**DESCRIPTION OF THE TASK**
Below are the records; repeat exactly their lines between the line holding "Детские корригирующие ортопедические" and the line holding "ожерелье перламутровое очень", inclusive, skipping the pictures.
EXTRACTED INFORMATION section start
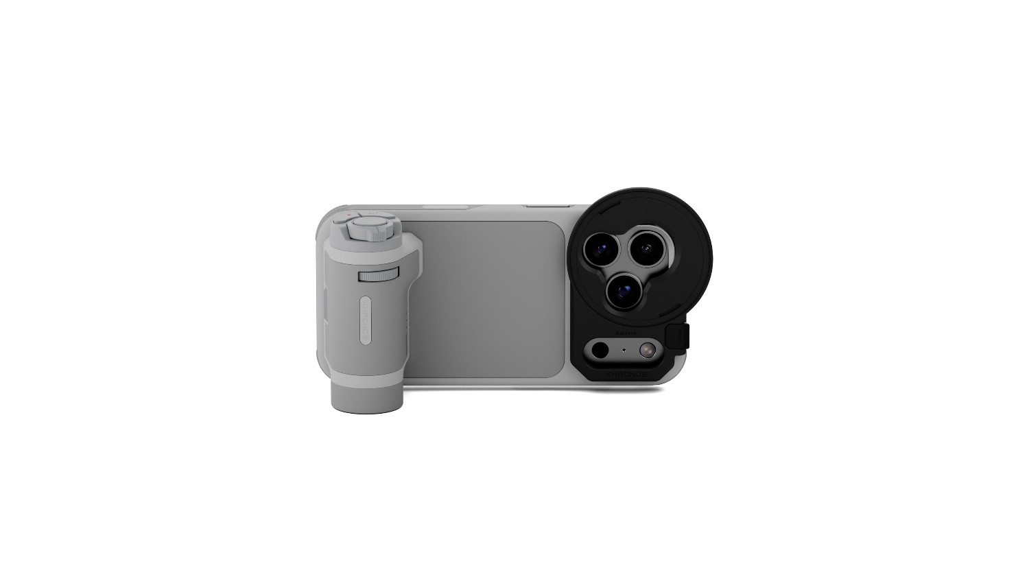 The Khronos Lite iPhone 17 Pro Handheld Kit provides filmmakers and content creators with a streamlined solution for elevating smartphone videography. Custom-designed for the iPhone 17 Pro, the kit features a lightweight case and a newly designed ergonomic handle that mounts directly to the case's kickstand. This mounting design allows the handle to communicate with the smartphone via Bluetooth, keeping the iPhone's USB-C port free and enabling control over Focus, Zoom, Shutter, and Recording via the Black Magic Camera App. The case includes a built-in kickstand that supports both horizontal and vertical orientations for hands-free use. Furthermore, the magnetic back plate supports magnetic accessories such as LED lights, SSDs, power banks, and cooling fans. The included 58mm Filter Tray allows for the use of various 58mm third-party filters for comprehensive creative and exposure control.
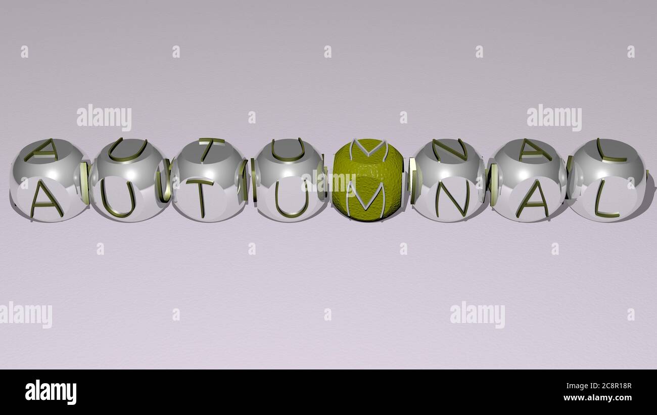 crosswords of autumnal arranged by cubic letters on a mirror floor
EXTRACTED INFORMATION section end
EXTRACTED INFORMATION section start
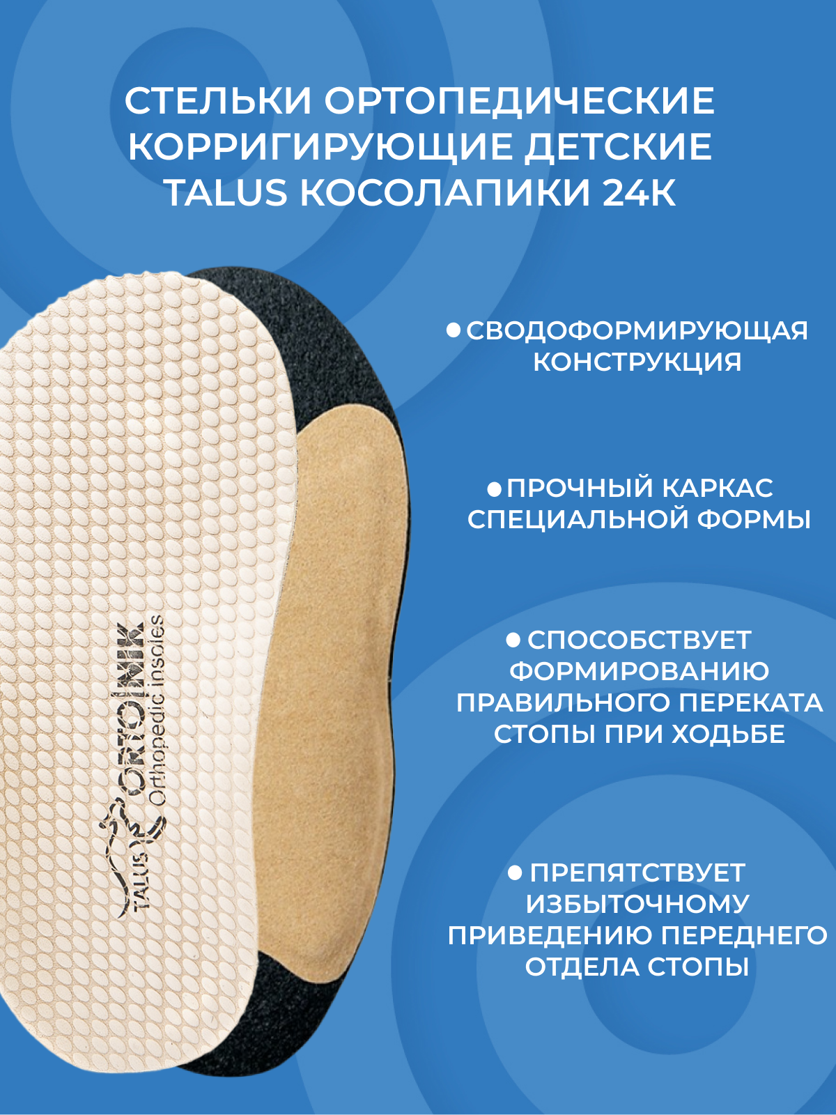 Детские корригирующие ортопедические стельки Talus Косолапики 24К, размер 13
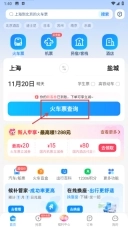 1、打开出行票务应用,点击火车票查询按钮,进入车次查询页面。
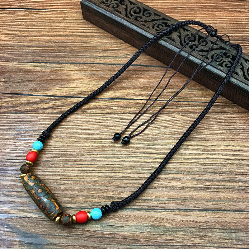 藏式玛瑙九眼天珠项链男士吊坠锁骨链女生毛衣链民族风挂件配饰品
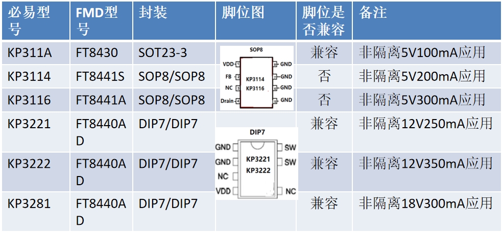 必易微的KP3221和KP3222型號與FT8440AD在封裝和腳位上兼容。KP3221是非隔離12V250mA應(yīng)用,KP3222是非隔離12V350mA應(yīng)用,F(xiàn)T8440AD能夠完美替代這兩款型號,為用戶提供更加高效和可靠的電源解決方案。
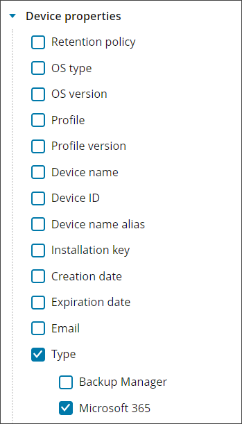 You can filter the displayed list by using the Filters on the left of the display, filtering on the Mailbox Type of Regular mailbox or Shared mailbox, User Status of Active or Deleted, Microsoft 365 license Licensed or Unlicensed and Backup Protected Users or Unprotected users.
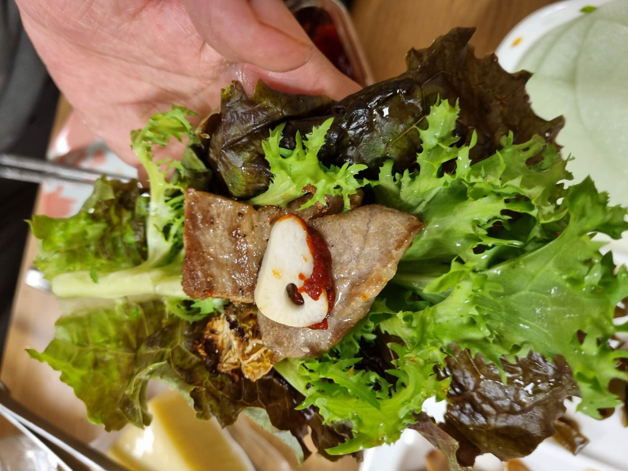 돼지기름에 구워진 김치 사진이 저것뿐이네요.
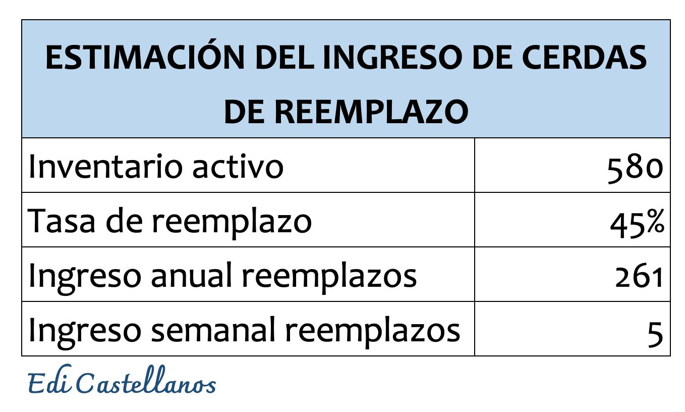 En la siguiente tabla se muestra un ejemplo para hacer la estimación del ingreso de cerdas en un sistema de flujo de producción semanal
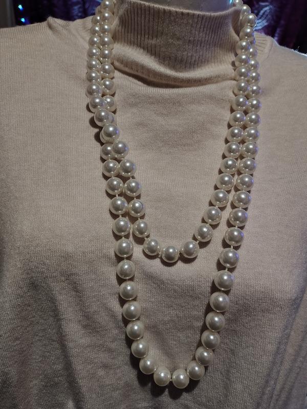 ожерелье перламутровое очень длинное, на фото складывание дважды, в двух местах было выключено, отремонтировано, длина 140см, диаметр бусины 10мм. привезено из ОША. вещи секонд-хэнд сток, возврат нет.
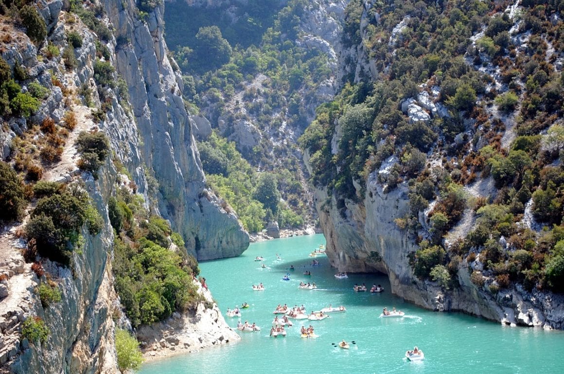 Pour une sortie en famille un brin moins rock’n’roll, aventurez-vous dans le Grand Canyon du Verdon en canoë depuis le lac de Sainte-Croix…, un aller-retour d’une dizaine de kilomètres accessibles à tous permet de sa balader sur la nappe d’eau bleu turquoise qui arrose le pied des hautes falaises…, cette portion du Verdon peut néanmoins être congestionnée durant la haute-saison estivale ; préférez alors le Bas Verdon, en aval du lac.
EXTRACTED INFORMATION section end
EXTRACTED INFORMATION section start
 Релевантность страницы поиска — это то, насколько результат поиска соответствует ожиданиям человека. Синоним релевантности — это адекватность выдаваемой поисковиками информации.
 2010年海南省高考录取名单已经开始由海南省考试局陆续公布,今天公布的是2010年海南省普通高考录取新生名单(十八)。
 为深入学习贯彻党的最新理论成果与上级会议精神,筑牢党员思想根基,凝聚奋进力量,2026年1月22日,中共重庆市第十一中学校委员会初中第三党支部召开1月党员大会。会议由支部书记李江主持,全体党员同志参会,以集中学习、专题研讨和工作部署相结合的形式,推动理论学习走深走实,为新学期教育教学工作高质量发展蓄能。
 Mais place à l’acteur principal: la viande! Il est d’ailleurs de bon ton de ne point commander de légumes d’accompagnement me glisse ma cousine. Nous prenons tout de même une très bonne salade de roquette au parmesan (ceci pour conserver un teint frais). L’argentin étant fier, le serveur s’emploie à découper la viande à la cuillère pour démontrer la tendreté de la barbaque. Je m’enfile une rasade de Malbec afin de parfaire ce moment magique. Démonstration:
EXTRACTED INFORMATION section end
**TASK ANSWER**
 Детские корригирующие ортопедические стельки Talus Косолапики 24К, размер 13
 1、打开出行票务应用,点击火车票查询按钮,进入车次查询页面。
 藏式玛瑙九眼天珠项链男士吊坠锁骨链女生毛衣链民族风挂件配饰品
 必易微的KP3221和KP3222型號與FT8440AD在封裝和腳位上兼容。KP3221是非隔離12V250mA應(yīng)用,KP3222是非隔離12V350mA應(yīng)用,F(xiàn)T8440AD能夠完美替代這兩款型號,為用戶提供更加高效和可靠的電源解決方案。
 You can filter the displayed list by using the Filters on the left of the display, filtering on the Mailbox Type of Regular mailbox or Shared mailbox, User Status of Active or Deleted, Microsoft 365 license Licensed or Unlicensed and Backup Protected Users or Unprotected users.
 돼지기름에 구워진 김치 사진이 저것뿐이네요.
 En la siguiente tabla se muestra un ejemplo para hacer la estimación del ingreso de cerdas en un sistema de flujo de producción semanal
 ожерелье перламутровое очень длинное, на фото складывание дважды, в двух местах было выключено, отремонтировано, длина 140см, диаметр бусины 10мм. привезено из ОША. вещи секонд-хэнд сток, возврат нет.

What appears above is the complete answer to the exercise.